A frozen reference model computes reference log-probs. KL ≈ `current_loss − ref_loss` per completion, clamped at 0. Coefficient β = 0.04. Prevents drift into degenerate text patterns (always emitting the same decision, empty pitches).

### Reward normalisation

Three normalisations in the reward function so terms are commensurate:
1. **Δ score ÷ 100** — brings profitability delta into the same scale as the coalition term.
2. **Bankruptcy penalty −2** (was −5) — one bad arc no longer drowns 9 rounds of positive signal.
3. **Pitch bootstrap +0.05** — kickstarts the pitch channel before the model is good enough to earn semantic bonuses.

---

## 8. The baseline — same Qwen3-0.6B with LoRA disabled

Earlier revisions compared the trained policy against a uniform-random policy. A coin flip is not a meaningful opponent for a 4 B language model picking among 3 well-formed strings — it can only highlight that the LM ≠ noise, which is not the relevant question.

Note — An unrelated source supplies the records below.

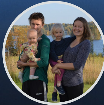
Timosen perhe muutti Hokkaan
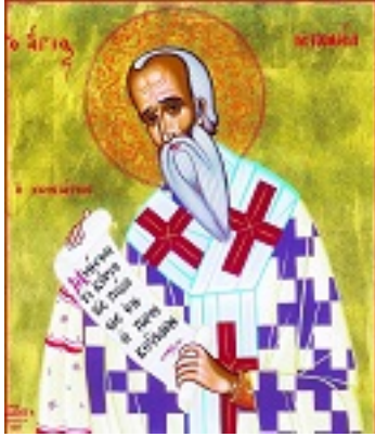
Άγιος Μιχαήλ ο Χωνιάτης Μητροπολίτης Αθηνών
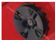
NYLONLINA (HoverPro 400 och 450)
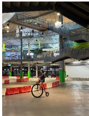
Höhepunkt in der Umweltarena ist jeweils der Parcours, der mit verschiedenen Fahrzeugen zurückgelegt werden kann.
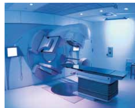
Linearbeschleuniger des MVZ Strahlentherapie

Die Strahlentherapie des Clemenshospitals ist wichtiger integrativer Bestandteil mehrerer von der Deutschen
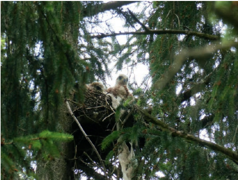
Abb. 2: Die beiden Jungvögel des Brutpaares I.

reiche Bewirtschaftung in Form von Weideflächen, verschiedenen Wiesentypen mit unterschiedlichen Mähzeiten und zahlreichen extensiv genutzten Grünlandflächen in Hanglage bietet eine gute Nahrungsbasis für Greifvögel. In unmittelbarer Nähe eines Horstes brüteten 2020 auch Schwarzmilane. Der Brutplatz des zuerst entdeckten Brutpaares (Brutpaar I) liegt am Randbereich einer Kleinsiedlung auf einer Seehöhe von ca. 600 m. Das Brutgebiet des zweiten Brutpaares befindet sich am nördlichen Rand des Lurnfeldes und besteht aus einer ähnlich vielfältigen Landschaft wie die des ersten Brutpaares. Der Standort des zweiten Horstes liegt deutlich abseits vom Siedlungsgebiet in ca. 700 m Seehöhe, in der Nähe befindet sich ein Gehöft.
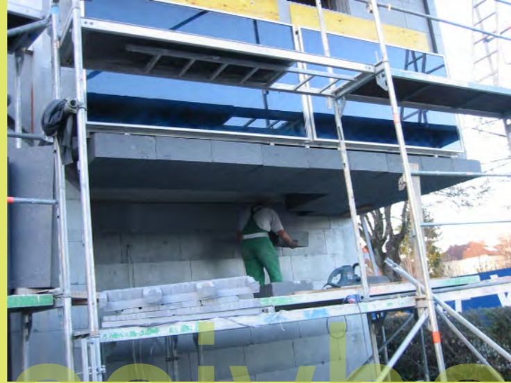
50_Pa dämmt die Untersicht der Auskrugung
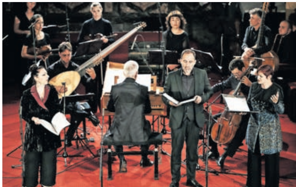
Scarlattijev oratorij Judita je izvedel Festivalski baročni orkester.
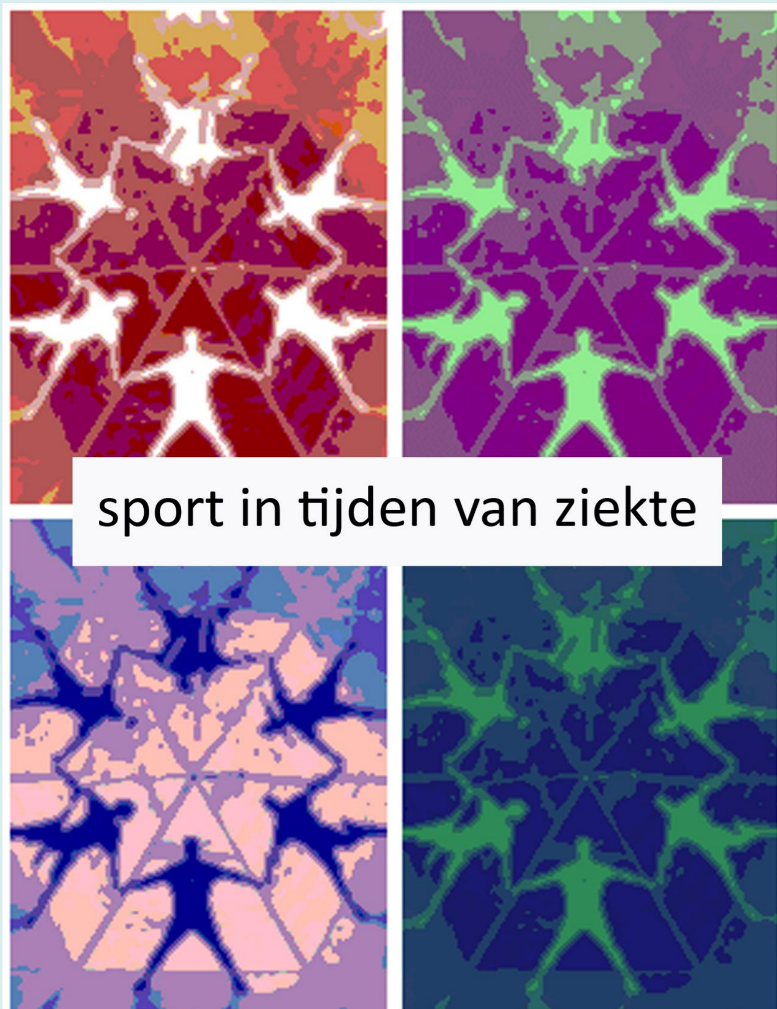
sport in tijden van ziekte

Narratief onderzoek naar betekenissen van sport en bewegen voor chronisch zieken en naar processen van betekenisgeving na de diagnose in de (para)medische context
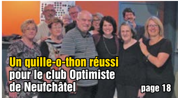
Un quille-o-thon réussi pour le club Optimiste de Neufchâtel

The current baseline runs **the same Qwen3-0.6B**, on the **same paired seeds**, with the LoRA adapter context-managed off. Implementation (see `Training.py` / `notebooks/train_grpo_v2.ipynb`):

```python
# Fine-tuned (LoRA active)
trained_finals = run_episodes(model, seeds=HELDOUT)

# Same model, LoRA disabled — apples-to-apples base reference.
with model.disable_adapter():
    base_finals = run_episodes(model, seeds=HELDOUT)
```

Statistical comparison on the per-seed paired delta `trained − base`:

- Paired t-test
- Wilcoxon signed-rank
- Cohen's d
- Bootstrap 95% CI on the mean delta
- Win-rate (fraction of seeds where trained > base)

---

## 9. Theory-of-Mind — what's actually measured

ToM in this environment has a specific, narrow meaning: **can the agent infer what each NPC privately values**, given only their statements and prior votes?

It is graded two ways:

1. **Pitch persuasion score**: `cosine(SBERT(pitch), SBERT(role_manifesto))`. A pitch that genuinely articulates the role's priorities scores above ~0.4; a pitch that is merely topically adjacent scores ~0.1; off-topic pitches score ~0.0. This replaces the earlier keyword-overlap metric, which the agent could trivially game.
2. **ToM probe**: ask the model to name the SINGLE board member most likely to *oppose* its chosen decision. Random baseline = 25% (1 of 4). The probe is run for both the fine-tuned policy and the disable-adapter base — the delta isolates what fine-tuning taught the model about its boardroom.

Trust trajectory across 10 rounds is a secondary diagnostic: rising trust for 3+ NPCs indicates the agent is consistently picking decisions aligned with their private preferences, which requires implicit modelling of those preferences.